Please return exactly the line that contains "(a) Carbon Footprint" and every line after it, through the last line of the records below, with no pictures.
*-*-*
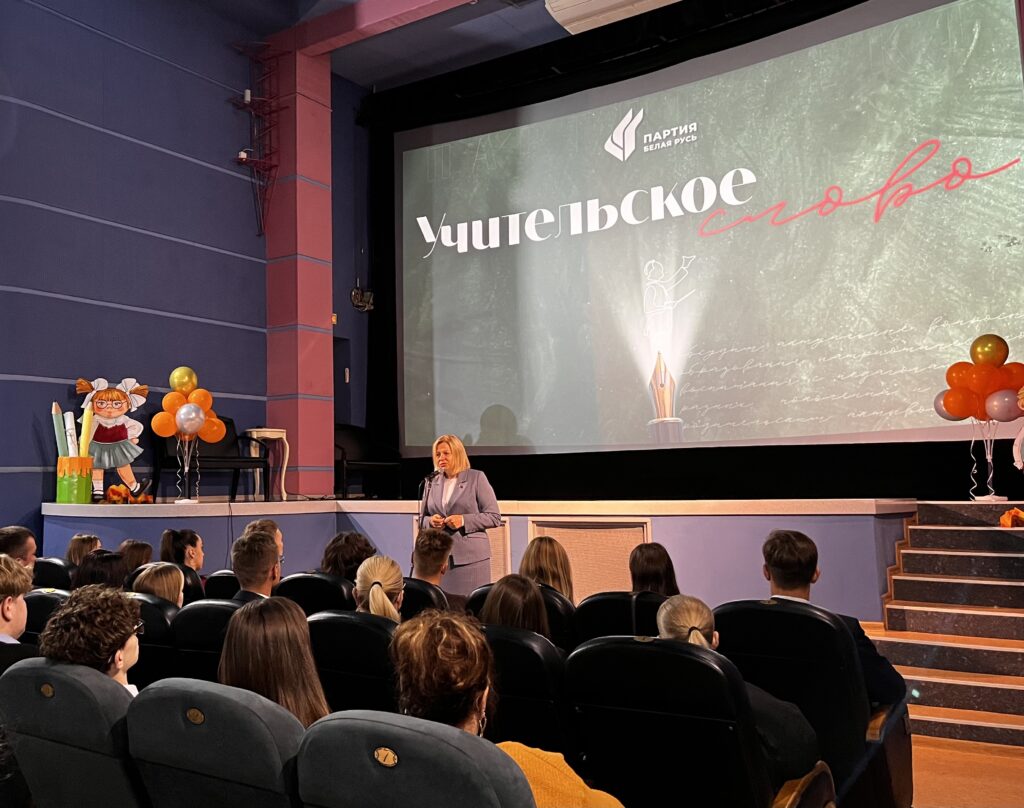 Елена Пасюта упомянула о том, что с 25 сентября партия «Белая Русь» запускает проект «Учительское слово», приуроченный ко Дню учителя. Его цель – создать атмосферу душевных, содержательных встреч в педагогических коллективах, где будут вспоминать историю развития школ, традиции, а также тех, кто стоял у истоков создания учительских сообществ. Особое внимание в рамках проекта будет уделено ветеранам педагогического труда.
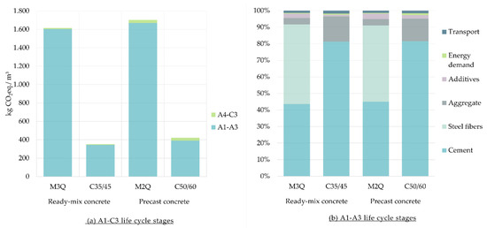 (a) Carbon Footprint of Ultra-High-Performance Concrete (M3Q and M2Q) in comparison with conventional concrete (C35/45 and C50/60) per m3; (b) Share of materials of the carbon footprint for the A1–A3 life cycle stages.
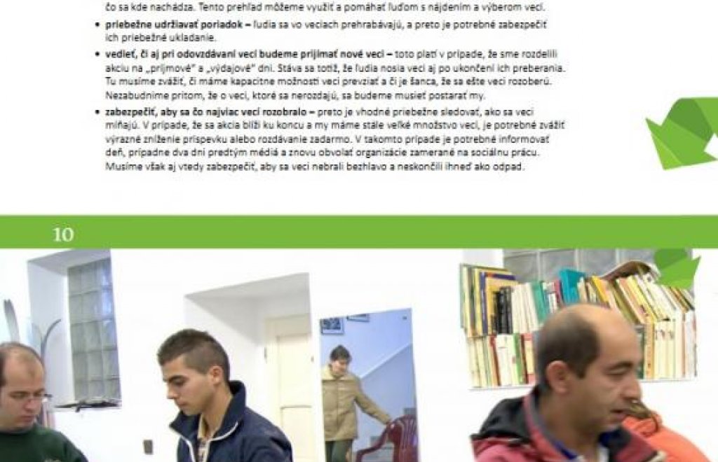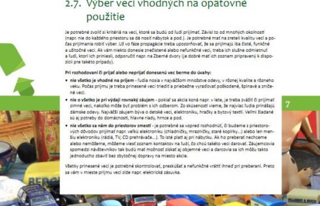 Manuál popisuje ako vo vašom meste/obci zorganizovať výmennú ekologicko-charitatívnu burzu a ako tak môžete mnohým veciam nájsť nové využitie, predĺžiť tak ich životnosť a znížiť množstvo odpadu. Manuál je doplnený fotografiami a obsahuje tiež mnoho praktických rád, na čo všetko by ste mali myslieť pre úspešné zvládnutie organizácie akcie.
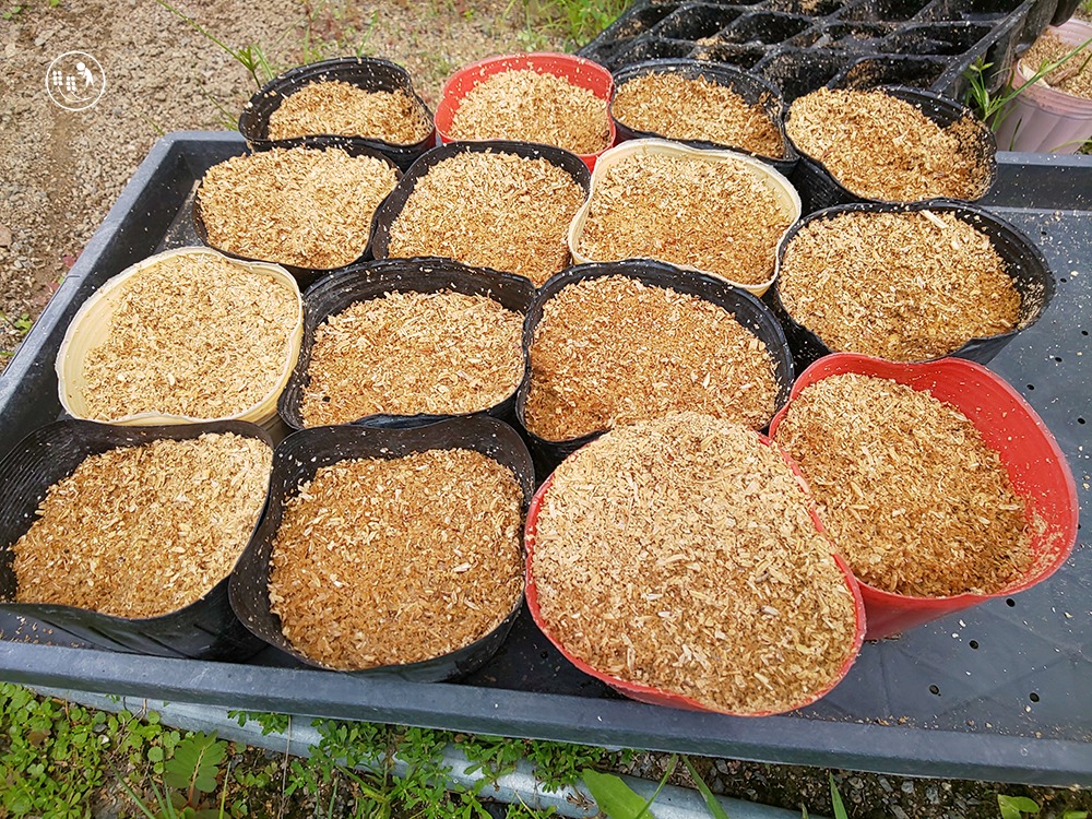 必ず!種を蒔く前に「すりつぶしもみ殻」に水をたっぷりと水を含ませておいてください。
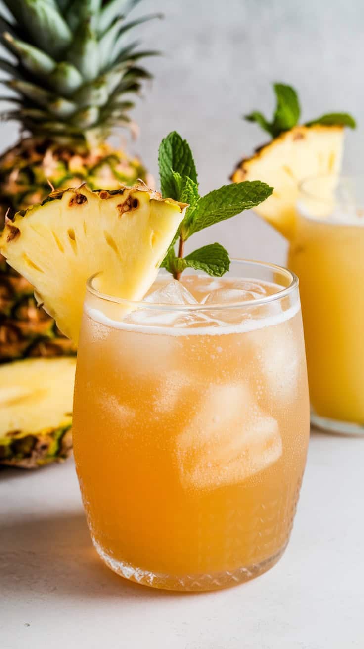- Pour the pineapple ginger ale mixture over the ice, filling each glass to the top.
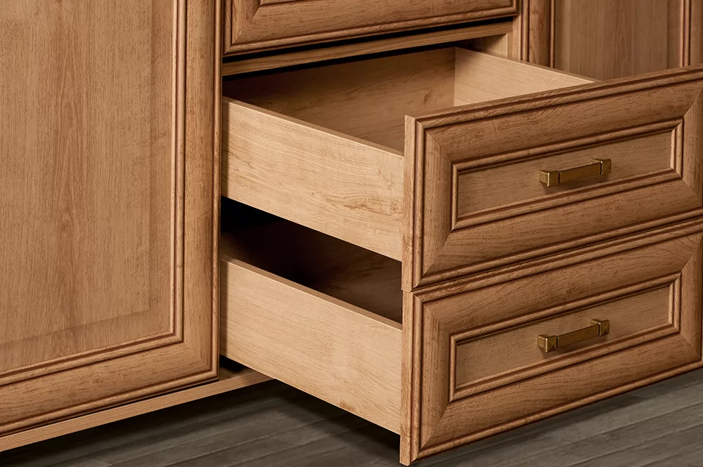 Мебель весьма практична в использовании, благодаря износоустойчивым материалам на горизонтальных поверхностях, качественным металлическим ручкам и надежной фурнитуре. Для плавного и бесшумного закрывания дверей шкафы комплектуются амортизаторами ударов.
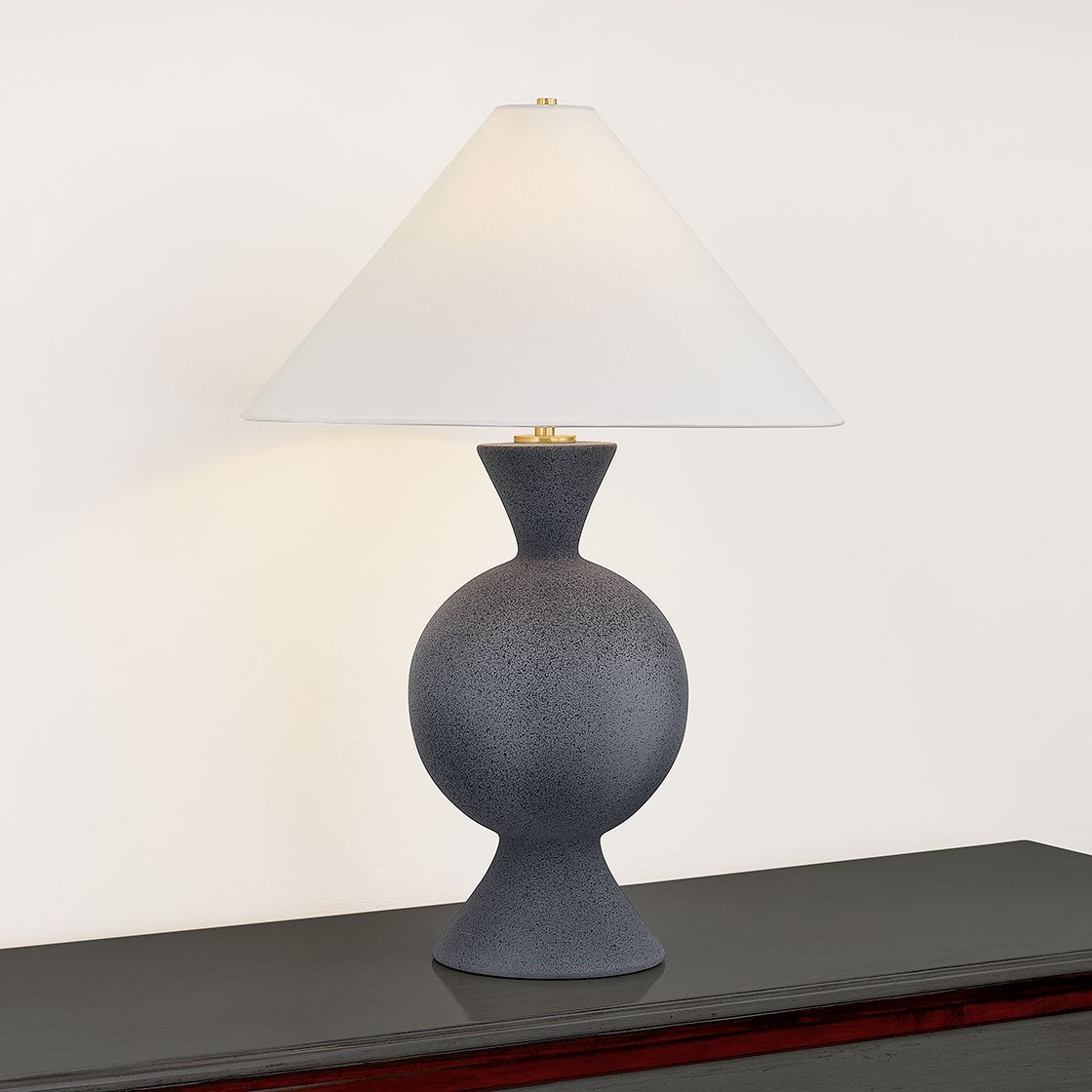 Mitzi Zadeh Table Lamp 19" in Aged Brass and Ceramic Pale Midnight
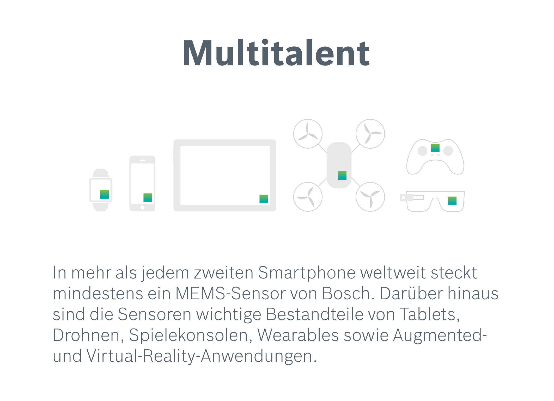 In mehr als jedem zweiten Smartphone weltweit steckt mindestens ein MEMS-Sensor von Bosch. Darüber hinaus sind die Sensoren wichtige Bestandteile von Tablets, Drohnen, Spielekonsolen, Wearables sowie Augmented- und Virtual-Reality- Anwendungen.
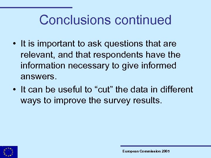 Conclusions continued • It is important to ask questions that are relevant, and that respondents have the information necessary to give informed answers. • It can be useful to “cut” the data in different ways to improve the survey results. European Commission 2005
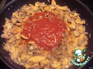 Обжариваем в небольшом количестве масла мелко резаный лук и чеснок, добавляем нарезанные грибы и жарим 5 мин. далее добавляем томат. пасту разведенную в воде, соль, перец, петрушку и тушим пока не загустеет соус.
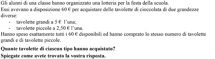 - Se si considerano separatamente i termini 2,5 e 5 osservare eventualmente che saranno necessarie da 1 a 11 tavolette grandi, o da 1 a 23 tavolette piccole, per arrivare ad una spesa di 60 € e trovare la soluzione per tentativi successivi organizzati.
*-*-*
**ANSWER TO THIS PROBLEM:**
 (a) Carbon Footprint of Ultra-High-Performance Concrete (M3Q and M2Q) in comparison with conventional concrete (C35/45 and C50/60) per m3; (b) Share of materials of the carbon footprint for the A1–A3 life cycle stages.
 Manuál popisuje ako vo vašom meste/obci zorganizovať výmennú ekologicko-charitatívnu burzu a ako tak môžete mnohým veciam nájsť nové využitie, predĺžiť tak ich životnosť a znížiť množstvo odpadu. Manuál je doplnený fotografiami a obsahuje tiež mnoho praktických rád, na čo všetko by ste mali myslieť pre úspešné zvládnutie organizácie akcie.
 必ず!種を蒔く前に「すりつぶしもみ殻」に水をたっぷりと水を含ませておいてください。
- Pour the pineapple ginger ale mixture over the ice, filling each glass to the top.
 Мебель весьма практична в использовании, благодаря износоустойчивым материалам на горизонтальных поверхностях, качественным металлическим ручкам и надежной фурнитуре. Для плавного и бесшумного закрывания дверей шкафы комплектуются амортизаторами ударов.
 Mitzi Zadeh Table Lamp 19" in Aged Brass and Ceramic Pale Midnight
 In mehr als jedem zweiten Smartphone weltweit steckt mindestens ein MEMS-Sensor von Bosch. Darüber hinaus sind die Sensoren wichtige Bestandteile von Tablets, Drohnen, Spielekonsolen, Wearables sowie Augmented- und Virtual-Reality- Anwendungen.
 Conclusions continued • It is important to ask questions that are relevant, and that respondents have the information necessary to give informed answers. • It can be useful to “cut” the data in different ways to improve the survey results. European Commission 2005
 Обжариваем в небольшом количестве масла мелко резаный лук и чеснок, добавляем нарезанные грибы и жарим 5 мин. далее добавляем томат. пасту разведенную в воде, соль, перец, петрушку и тушим пока не загустеет соус.
 - Se si considerano separatamente i termini 2,5 e 5 osservare eventualmente che saranno necessarie da 1 a 11 tavolette grandi, o da 1 a 23 tavolette piccole, per arrivare ad una spesa di 60 € e trovare la soluzione per tentativi successivi organizzati.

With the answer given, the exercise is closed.